In this blog we are going to see how we can use the SPA Google Cloud Storage SDK to automate Google Cloud Storage
Google Cloud Storage provides an object storage repository like Amazon S3. An object is basically any sort of file which needs to be stored to be delivered later via a Content Delivery Network. The object can also be archived in case of long-term storage.
The first thing needed to use Cloud storage is a billable project in GCP. Inside this project you can create multiple ‘buckets’ into which your objects will go.
The overall idea behind this organization is that, if your company has multiple apps, you can go ahead and create a project for each of those and place the content used by those apps in a bucket. Alternatively, you can also have a single project, place the data of your different apps in different buckets respectively.
The Google Cloud Storage SDK can help you automate everything from bucket creation to uploading objects.
Below scenario explains how you can you use this SDK. But here are some pre-requisites:
You need a project created in Google Cloud Platform and a service account created inside that project. This page explains how you can create a service account in GCP, also make sure you have the Cloud Platform scope enabled: https://www.googleapis.com/auth/cloud-platform. Once the service account is created, go to IAM in GCP and make sure you have the following permissions enabled for your service account:
In addition to this, depending on your organizations’ cloud policies, you might have to enable ‘Storage Object Admin’ permission for the service account on each bucket that has been created:
On the SPA side of things, we need to create an automation and add the Google Authorization SDK and the Google Cloud Storage SDK.
Authorize the bot, using service account authentication.
Create a bucket
Upload multiple objects in a folder within that bucket
While uploading we will compress certain objects which are bigger in size.
Iterate through the list of objects in that folder.
Download them one by one.
Let’s see how each step is done in detail below:
Authorize the bot:
Once you create a service, you need to create a key file, which would then have to be provided to the “Authorize Google (Service Account)” activity. This activity also needs to know the list of scopes for which bot has access, in this case it needs only the “GoogleCloudPlatformScope”. For further details about Authorization, you can refer this blog .
Create a bucket
We then add the create bucket activity. This activity takes as mandatory input, the bucket name, and the project id of the GCP project in which this bucket must be created. Here you must give a globally unique name, and the project id can be procured from the GCP console. The highlighted area below is the project id.
There is non-mandatory input called the storage class, it is based on this input that the SLAs are guaranteed. If you don’t provide a value, we will use the default ‘Standard’ storage class. You can also read more about storage classes here.

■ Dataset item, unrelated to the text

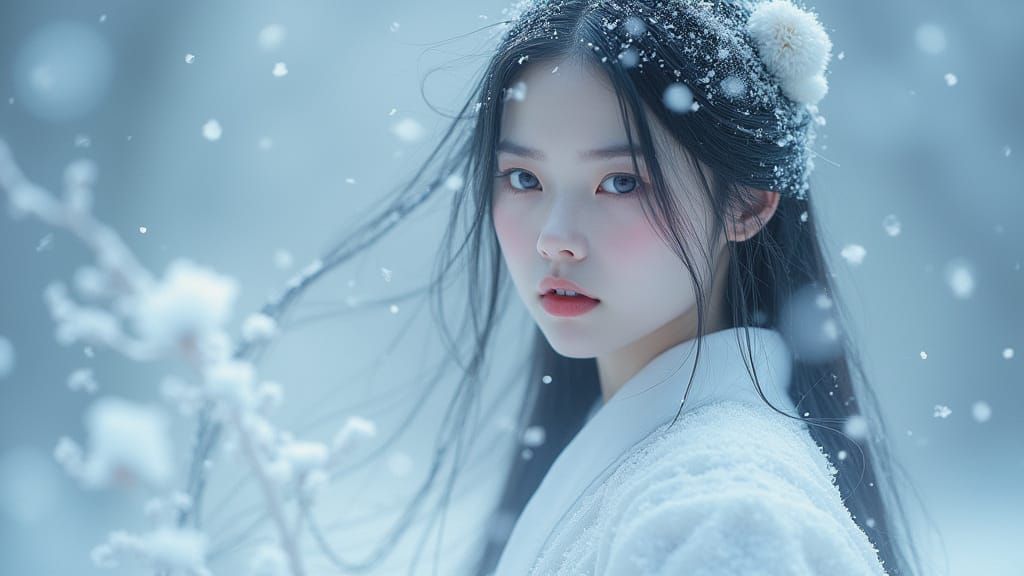 This image captures a serene and enigmatic female figure, blending into the wintry scenery with an aura of frost, her gaze radiating an ethereal luminescence that symbolizes life amidst the harsh beauty of winter.
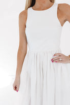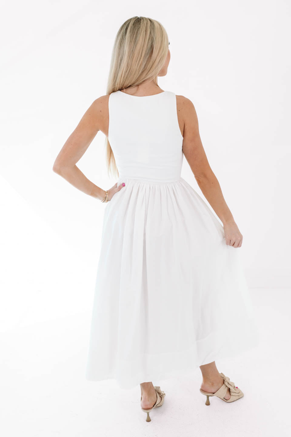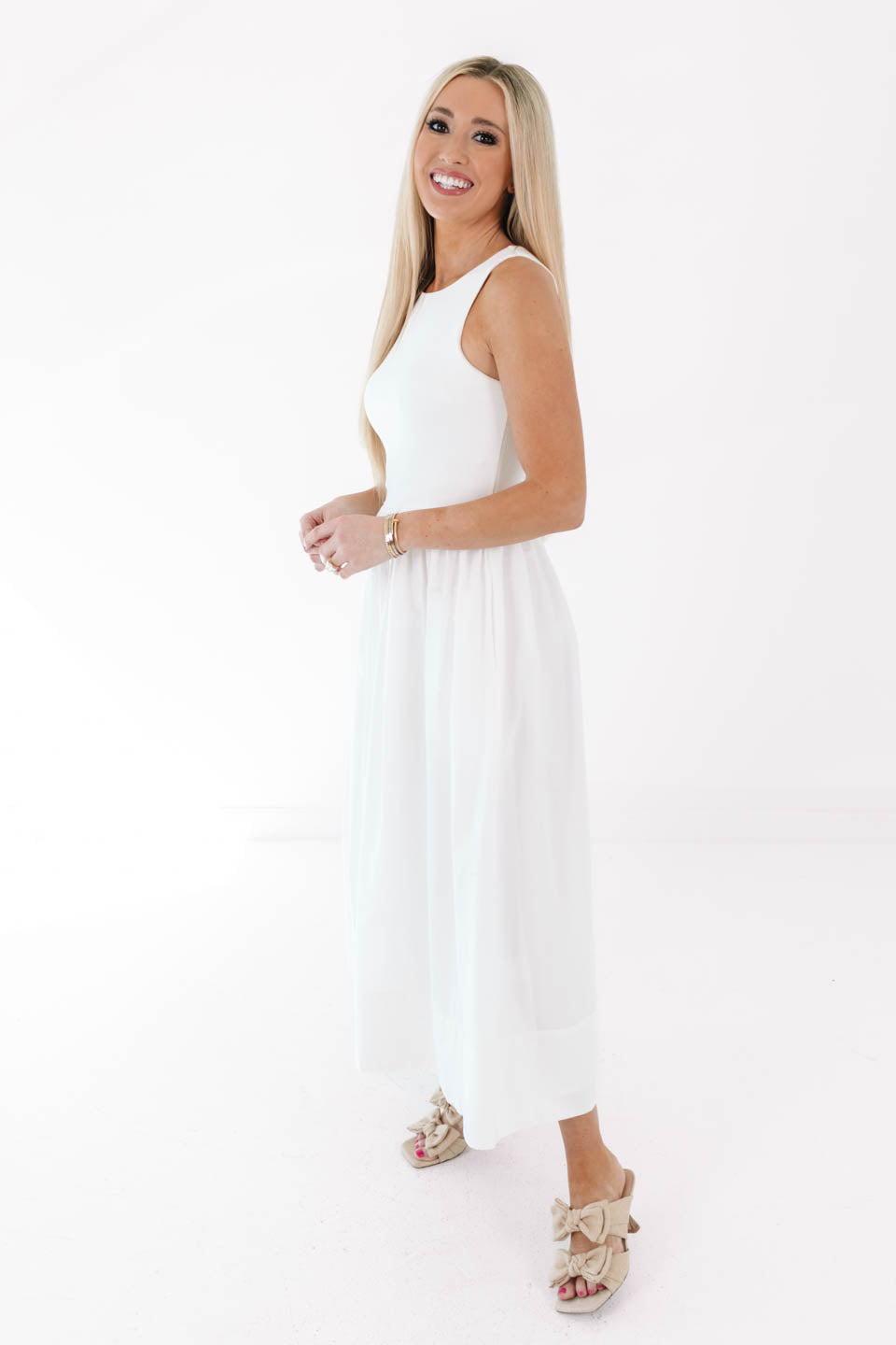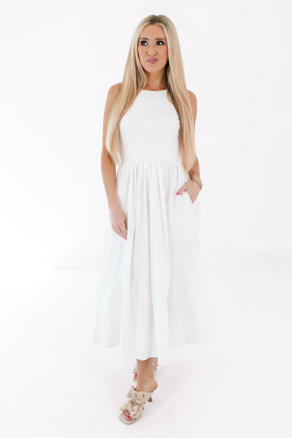 This sleek white midi dress is effortlessly elegant with its fitted bodice and flowy skirt that moves with ease. The high neckline keeps it chic and polished, while the simple silhouette makes it endlessly versatile. Dress it up with statement heels or keep it minimal for a timeless, sophisticated look!

Next, we are going to upload 2 files into the bucket. One of them is sample purchase order which is a PDF and the other one is a MP4 file explaining how to create a purchase order. Let’s look at the screen shot below:
As you can see, we have used the “Upload Object (Google Cloud Storage)” activity to perform the upload. The first parameter is the path of the file that is to be uploaded. The second parameter is the bucket name which we have procured from the output of the “Create Bucket (Google Cloud Storage)” activity from Step 2. The third parameter “destinationPath” which is not mandatory, asks you for a specific folder in the bucket into which the object needs to be uploaded. In this case we want them to be stored under the purchaseOrders folder. If the folder does not exist, one is created for you.
Once the activity runs, you can see the PDF uploaded into your bucket under the purchaseOrders folder.
The MP4 file is also uploaded in a similar manner:
But you might notice one minor difference here. Here the gzip parameter is set to true. This means that the MP4 file will be compressed and uploaded. This is useful when uploading large files, as it will help to reduce network costs. As you can see below, GCP also indicates that the content is compressed.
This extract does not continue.